City officials said the mission has shifted because of an immediate need at the pantries, and because fears of widespread food disruption have eased since the height of the coronavirus crisis.

“In April, we were really preparing for the worst — for major disruptions to the supply chain of food into the city that thankfully have not occurred,” said Joshua Goodman, a Department of Sanitation spokesperson.

“Instead, we are hearing from pantries that there is a continued need for fresh produce and other products,” he added. “This program, the Pandemic Food Reserve Emergency Distribution (P-FRED), is going to help meet that need, and give pantries the freedom to choose the products their communities need.”

Garcia recently stepped down as food czar and sanitation commissioner, ahead of a potential run for mayor.

Rainy Day

Joel Berg, CEO of Hunger Free America, said it makes sense to distribute rather than store the elements of millions of meals because of the scale of the immediate need.

“This day is pretty darn rainy,” said Berg.

By late April, more than one-third of the city’s food pantries and soup kitchens had shuttered because of the coronavirus, Gothamist reported, as volunteers became scarce.

In April and May, the state and the city, with the urging of City Council, each dedicated $25 million to bolster area food programs — particularly the overwhelmed pantries.

Berg noted that the $50 million food reserve is a “drop in the bucket” compared to the need and relative to other emergency food programs.

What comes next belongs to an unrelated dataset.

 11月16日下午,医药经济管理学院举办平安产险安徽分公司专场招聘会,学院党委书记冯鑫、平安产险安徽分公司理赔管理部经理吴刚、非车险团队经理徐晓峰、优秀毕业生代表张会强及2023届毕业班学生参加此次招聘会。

He said the federal SNAP program, formerly known as food stamps, distributed $395 million in June for nearly 1.7 million New Yorkers to buy food — a 12% increase compared to February.

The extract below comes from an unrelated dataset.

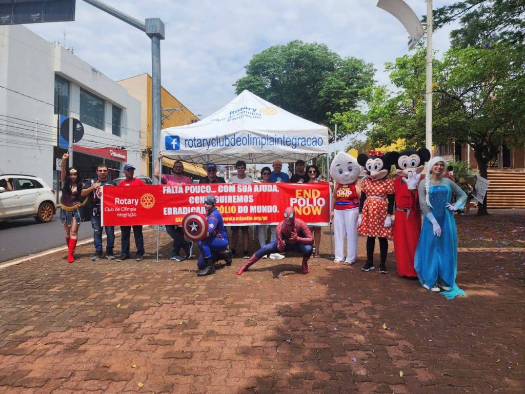 O Rotary e o Rotaract Club de Olímpia - Integração uniram forças com os Super Heróis na campanha da erradicação da Poliomielite na cidade. Vamos todos combater essa doença.

City officials have said that the number of food-insecure New Yorkers has climbed to more than two million people — up from about 1.2 million before the crisis began in March.

“It very much is needed now,” Berg said of the distribution of food from the reserve.

Long-Term Needs

According to the city’s deal with Driscoll Foods, the food reserve is slated to be depleted by June 30, 2021, unless the one-year contract is extended.

The terms require 20% of the 18 million meals to be comprised of fresh produce. Some 1.5% of the meals required to be kosher, and another 1.5% must be halal.

The maximum cost for the one-year deal is $48.5 million, the contract says.

Staff at the warehouse said they’ve seen a dramatic change in their customer base due to the coronavirus crisis.

“Our business shifted so much from bars, restaurants and country clubs… [to] the pantries and the funded agencies,” said Sara Kenyon, vice president of operations for Driscoll Foods.

On Monday, the City Council’s General Welfare Committee is slated to hold a hearing on the city’s five-month-old response to the growing hunger crisis.

Committee Chair Stephen Levin (D-Brooklyn) said members want to ensure that the city is doing all it can, given long-term needs.

“The emergency food system has been turned totally upside down with COVID, and there’s going to be an emergency food need for a long time coming out of this because of the economic impact,” he said.